* [Task]: All of the data that follows should be retyped exactly, please, except the pictures.
^^^^^^^^^^^^^^^^
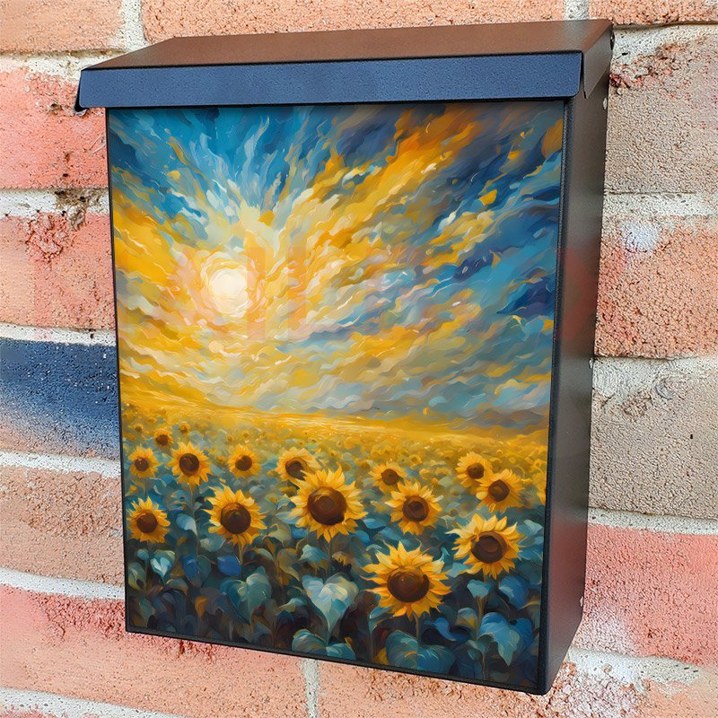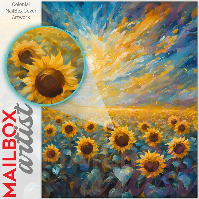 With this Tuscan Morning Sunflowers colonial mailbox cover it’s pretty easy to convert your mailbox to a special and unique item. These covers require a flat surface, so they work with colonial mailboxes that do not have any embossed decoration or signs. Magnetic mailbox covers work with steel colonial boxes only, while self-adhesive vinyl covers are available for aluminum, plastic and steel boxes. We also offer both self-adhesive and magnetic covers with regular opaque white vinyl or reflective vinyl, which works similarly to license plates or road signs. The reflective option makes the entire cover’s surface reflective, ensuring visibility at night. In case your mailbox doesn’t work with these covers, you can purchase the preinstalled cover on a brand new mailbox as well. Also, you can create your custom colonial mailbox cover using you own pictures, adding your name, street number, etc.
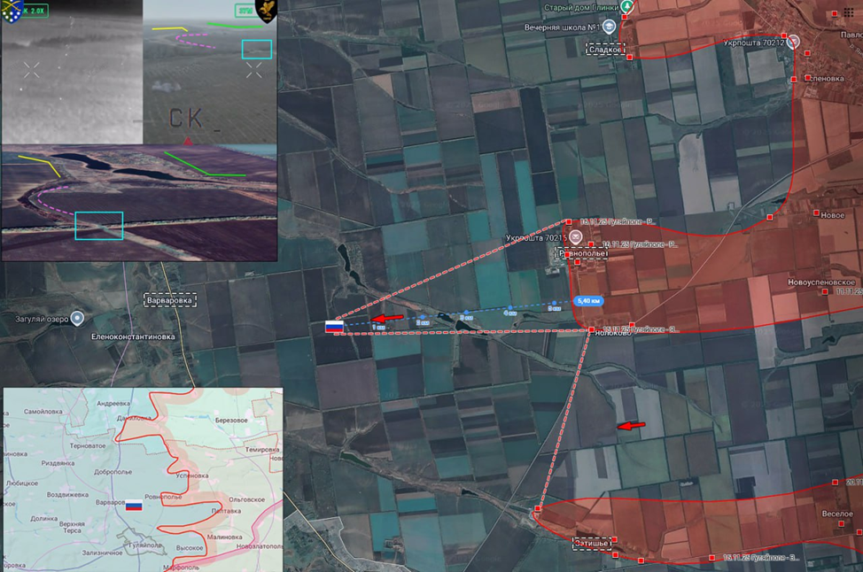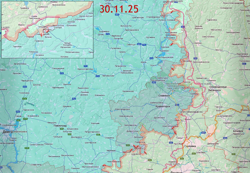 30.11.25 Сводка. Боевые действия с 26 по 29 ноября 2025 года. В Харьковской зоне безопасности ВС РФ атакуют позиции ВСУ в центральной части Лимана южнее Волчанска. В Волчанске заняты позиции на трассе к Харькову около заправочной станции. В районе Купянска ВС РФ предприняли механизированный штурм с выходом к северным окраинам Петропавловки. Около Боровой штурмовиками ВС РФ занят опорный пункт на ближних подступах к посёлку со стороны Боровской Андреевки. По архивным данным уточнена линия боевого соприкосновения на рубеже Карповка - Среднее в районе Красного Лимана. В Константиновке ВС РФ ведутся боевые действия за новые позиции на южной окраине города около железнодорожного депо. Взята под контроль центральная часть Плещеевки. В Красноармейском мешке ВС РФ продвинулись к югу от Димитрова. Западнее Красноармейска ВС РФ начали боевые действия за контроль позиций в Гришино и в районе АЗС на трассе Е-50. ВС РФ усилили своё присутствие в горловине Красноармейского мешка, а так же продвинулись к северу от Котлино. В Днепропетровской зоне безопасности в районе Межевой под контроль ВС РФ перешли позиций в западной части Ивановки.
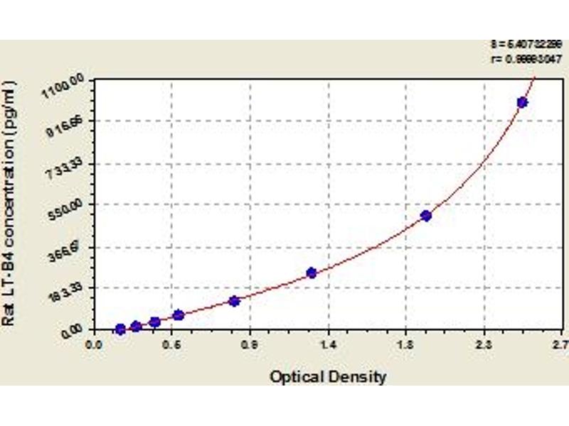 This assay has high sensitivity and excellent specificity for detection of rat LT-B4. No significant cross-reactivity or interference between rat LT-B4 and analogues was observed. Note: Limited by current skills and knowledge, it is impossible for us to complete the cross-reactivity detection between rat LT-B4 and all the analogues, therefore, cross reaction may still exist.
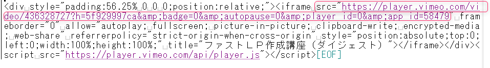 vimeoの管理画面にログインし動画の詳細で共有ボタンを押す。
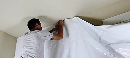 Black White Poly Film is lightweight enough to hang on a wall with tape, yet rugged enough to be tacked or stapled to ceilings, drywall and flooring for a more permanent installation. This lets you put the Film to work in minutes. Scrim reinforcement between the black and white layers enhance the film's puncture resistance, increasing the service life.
^^^^^^^^^^^^^^^^
* [Result for this task]:
 With this Tuscan Morning Sunflowers colonial mailbox cover it’s pretty easy to convert your mailbox to a special and unique item. These covers require a flat surface, so they work with colonial mailboxes that do not have any embossed decoration or signs. Magnetic mailbox covers work with steel colonial boxes only, while self-adhesive vinyl covers are available for aluminum, plastic and steel boxes. We also offer both self-adhesive and magnetic covers with regular opaque white vinyl or reflective vinyl, which works similarly to license plates or road signs. The reflective option makes the entire cover’s surface reflective, ensuring visibility at night. In case your mailbox doesn’t work with these covers, you can purchase the preinstalled cover on a brand new mailbox as well. Also, you can create your custom colonial mailbox cover using you own pictures, adding your name, street number, etc.
 30.11.25 Сводка. Боевые действия с 26 по 29 ноября 2025 года. В Харьковской зоне безопасности ВС РФ атакуют позиции ВСУ в центральной части Лимана южнее Волчанска. В Волчанске заняты позиции на трассе к Харькову около заправочной станции. В районе Купянска ВС РФ предприняли механизированный штурм с выходом к северным окраинам Петропавловки. Около Боровой штурмовиками ВС РФ занят опорный пункт на ближних подступах к посёлку со стороны Боровской Андреевки. По архивным данным уточнена линия боевого соприкосновения на рубеже Карповка - Среднее в районе Красного Лимана. В Константиновке ВС РФ ведутся боевые действия за новые позиции на южной окраине города около железнодорожного депо. Взята под контроль центральная часть Плещеевки. В Красноармейском мешке ВС РФ продвинулись к югу от Димитрова. Западнее Красноармейска ВС РФ начали боевые действия за контроль позиций в Гришино и в районе АЗС на трассе Е-50. ВС РФ усилили своё присутствие в горловине Красноармейского мешка, а так же продвинулись к северу от Котлино. В Днепропетровской зоне безопасности в районе Межевой под контроль ВС РФ перешли позиций в западной части Ивановки.
 This assay has high sensitivity and excellent specificity for detection of rat LT-B4. No significant cross-reactivity or interference between rat LT-B4 and analogues was observed. Note: Limited by current skills and knowledge, it is impossible for us to complete the cross-reactivity detection between rat LT-B4 and all the analogues, therefore, cross reaction may still exist.
 vimeoの管理画面にログインし動画の詳細で共有ボタンを押す。
 Black White Poly Film is lightweight enough to hang on a wall with tape, yet rugged enough to be tacked or stapled to ceilings, drywall and flooring for a more permanent installation. This lets you put the Film to work in minutes. Scrim reinforcement between the black and white layers enhance the film's puncture resistance, increasing the service life.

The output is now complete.